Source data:
——
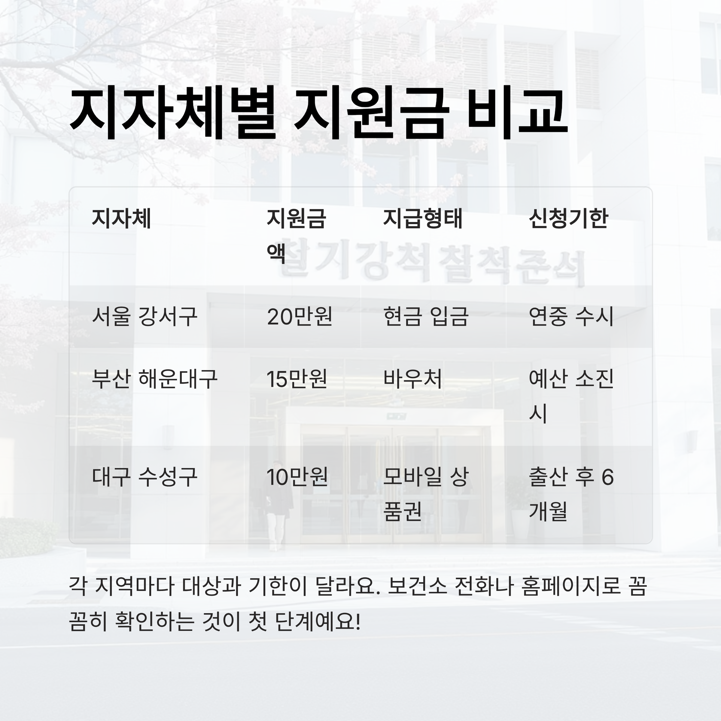 이처럼 각 지자체마다 금액, 대상, 신청기한이 달라서 거주 지역의 정책을 꼼꼼히 확인하는 것이 첫 번째예요. 홈페이지나 보건소 전화문의로 쉽게 알 수 있답니다!
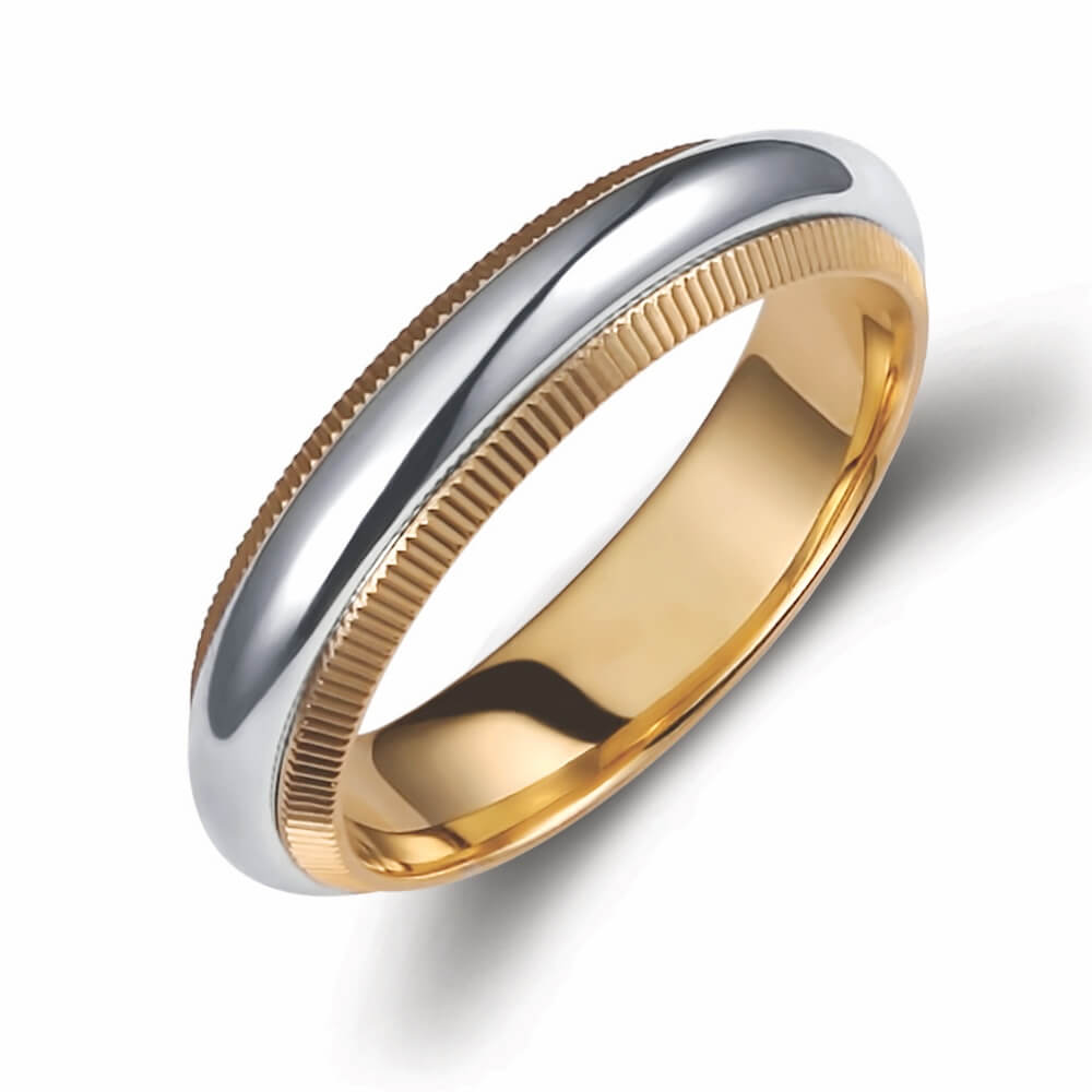 Χρυσή βέρα γάμου και αρραβώνα Valauro 8 καρατίων και πλάτος 4.5mm, δίχρωμη, με λουστρέ επιφάνεια, σε διαχρονική γραμμή.
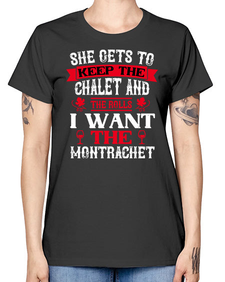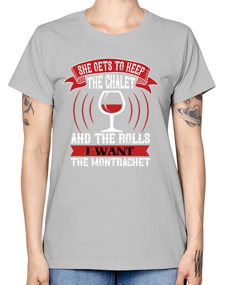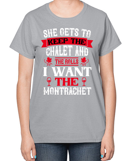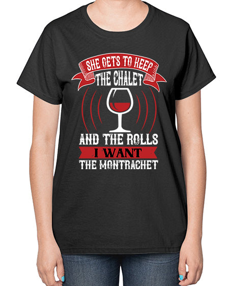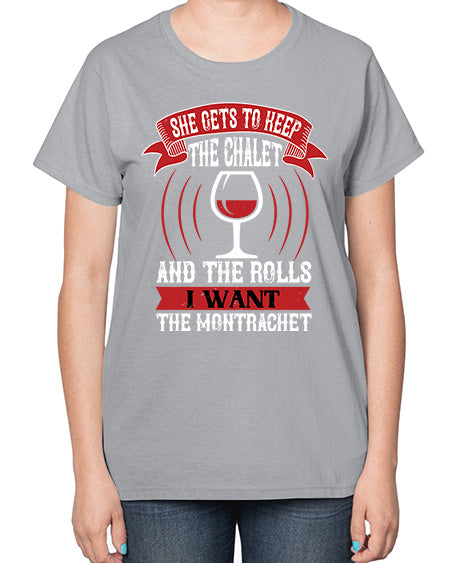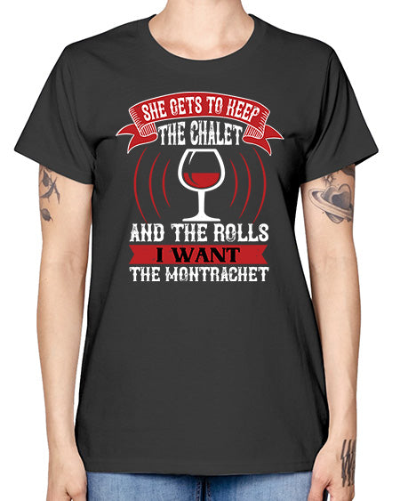she gets to keep the chalet and the rolls 1526# - wine- Ladies T-Shirt
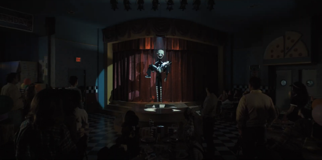 The film opens with a flashback sequence at the original Freddy Fazbear’s Pizza restaurant. A girl named Charlotte Emily (Audrey Lynn Marie) is pulled by her best friend Vanessa Afton (child: Miriam Spumpkin, adult: Elizabeth Lail) to go have a piece of cake instead of sitting by the stage alone. While sitting there, Charlotte sees a boy being lured into the back rooms by William Afton (Matthew Lillard), the founder of the restaurant, in a yellow rabbit costume. Charlotte panics, attempting to alert any nearby parents of the situation, but she is ignored. As she decides to take matters into her own hands, Vanessa tries to stop her, but Charlotte enters the back rooms anyway. While she manages to rescue the boy by carrying him out of the backrooms, she collapses soon afterwards—having been stabbed by William three times in the back. She falls through the trapdoor onstage and is caught by the Marionette animatronic, which rises with a now deceased Charlotte in its arms. William is never caught and the restaurant closes down soon afterwards as a result.
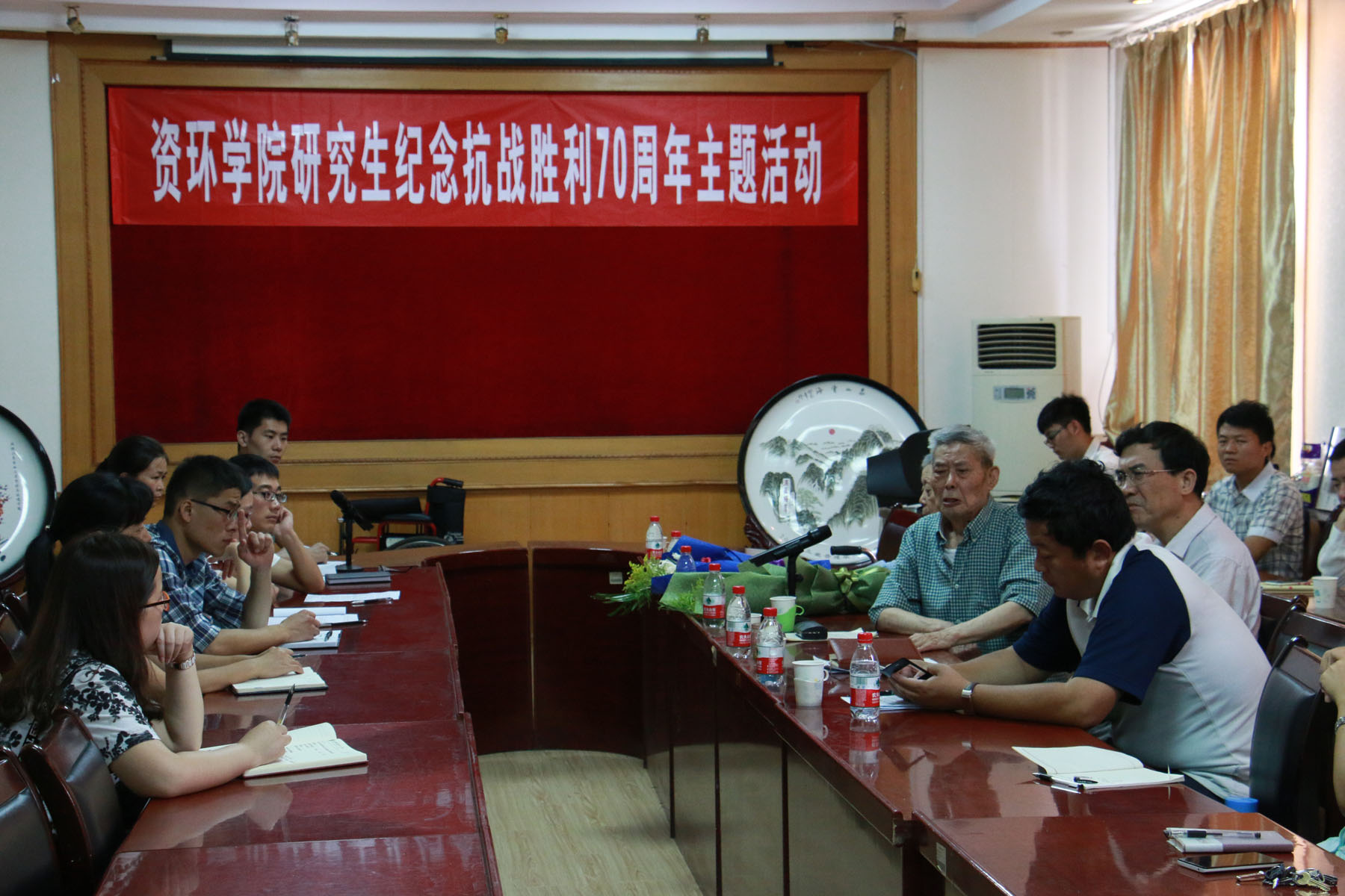 “我亲眼看到了日寇残暴的扫荡和灭绝人性的侵略,你们一定要铭记历史啊”,88岁的黄鼎老师动情的说。为纪念中国人民抗日战争胜利7 0周年暨世界反法西斯战争胜利7 0周年,9月1日上午,资环学院举办了以“缅怀先烈,继承遗志,弘扬爱国主义精神”主题纪念活动。我校革命老兵、离休老干部黄鼎老师其夫人丛老师、学院党委书记于林、副院长齐伟、党委副书记冯国营出席了活动。学院研究生党支部、本科生党支部师生党员、入党积极分子、部分研究生代表参加了活动。
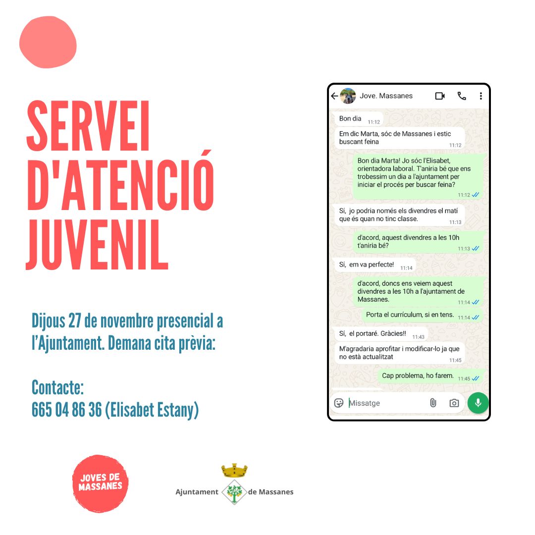 Dijous 27 de novembre durant el matí la tècnica de joventut de l’Oficina Jove de la Selva vindrà a l’Ajuntament de Massanes per fer atencions individuals a joves de 16 a 29 anys.
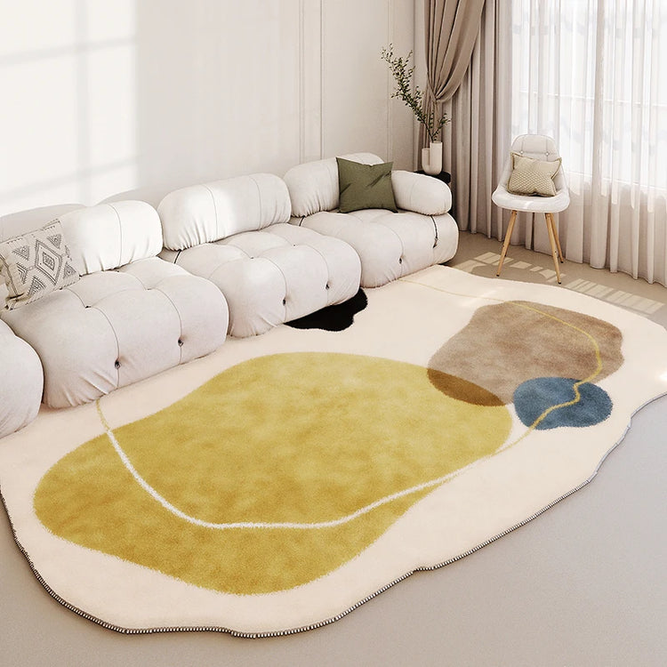 A modern golden rug designed to enhance living rooms or lounges with an elegant touch. Its non-slip design ensures stability, making it perfect for bedrooms, coffee table areas, or customizable home décor.
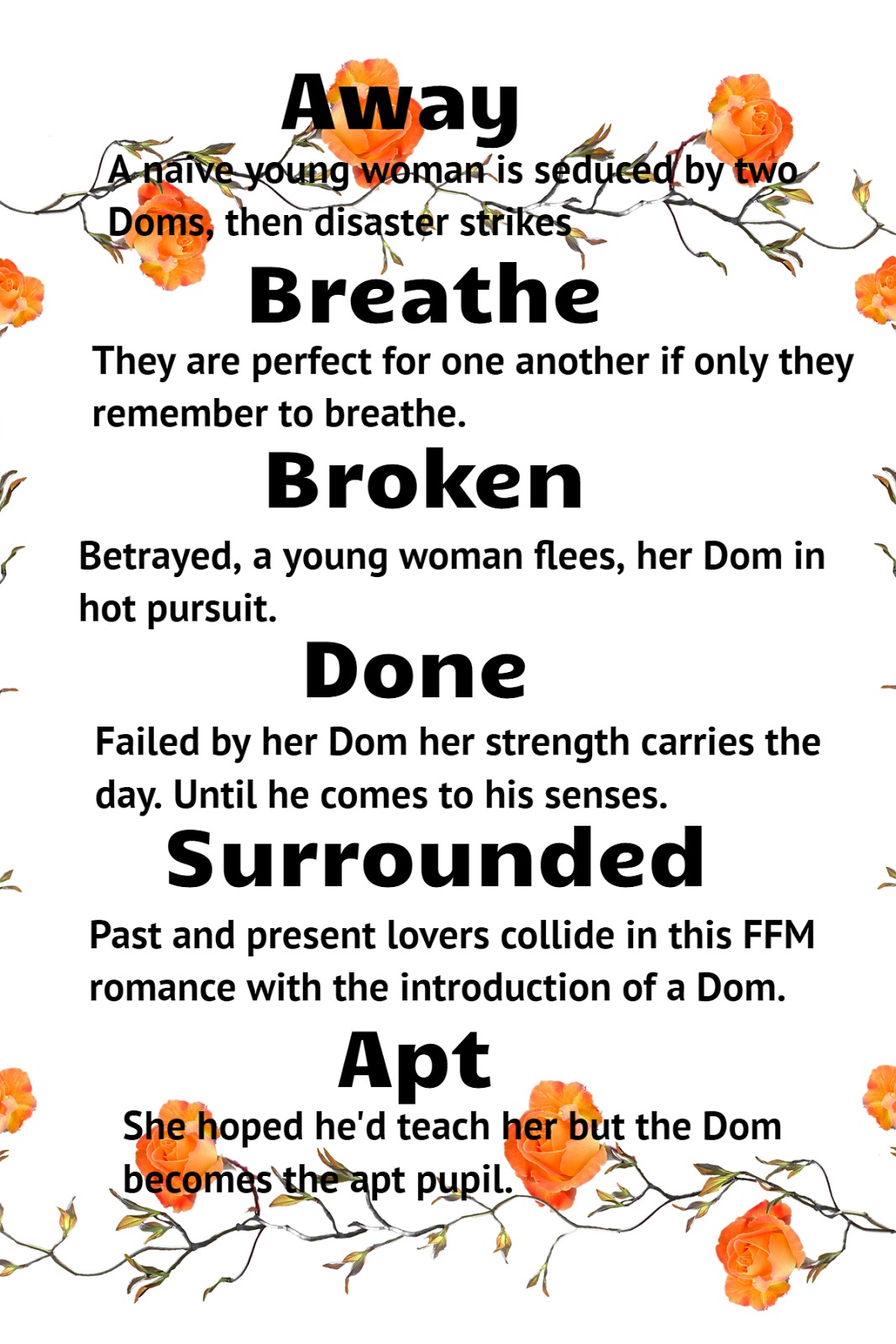 romances- Away, Breathe, Broken, Done, Surrounded and Apt.
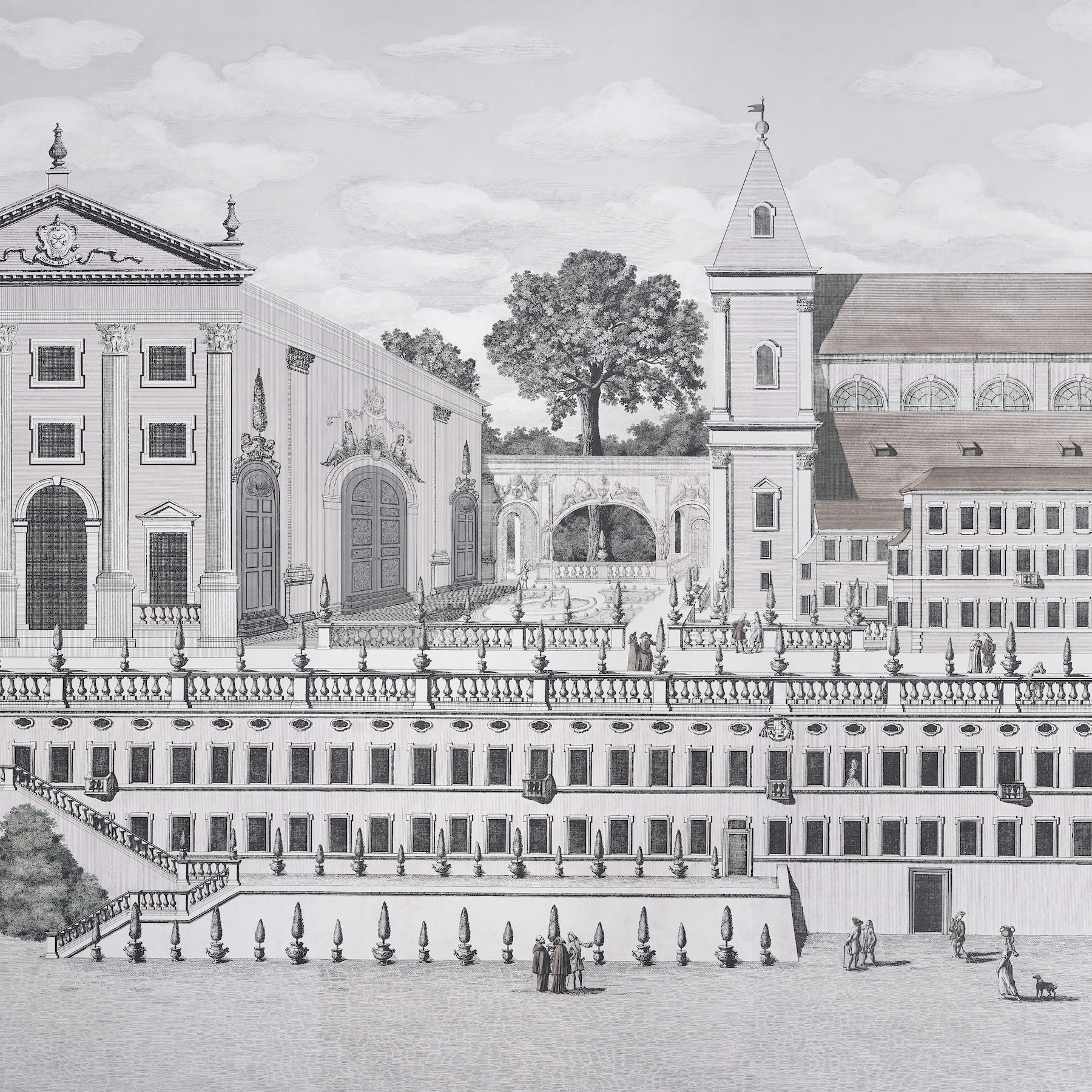 Inspired by an antique document, Piazza Firenze in document is a splendid three-panel wallpaper set designed by Johnson Hartig of Libertine. This splendid architectural panorama is beautifully detailed and printed on uncoated paper for a marvelous antique effect.
——
■ **Task details**: What is needed is a word-for-word copy of the lines from the one containing "A modern golden" through the final line of the records above, both included, with the pictures left out.

■ **Solution to this task**:
 A modern golden rug designed to enhance living rooms or lounges with an elegant touch. Its non-slip design ensures stability, making it perfect for bedrooms, coffee table areas, or customizable home décor.
 romances- Away, Breathe, Broken, Done, Surrounded and Apt.
 Inspired by an antique document, Piazza Firenze in document is a splendid three-panel wallpaper set designed by Johnson Hartig of Libertine. This splendid architectural panorama is beautifully detailed and printed on uncoated paper for a marvelous antique effect.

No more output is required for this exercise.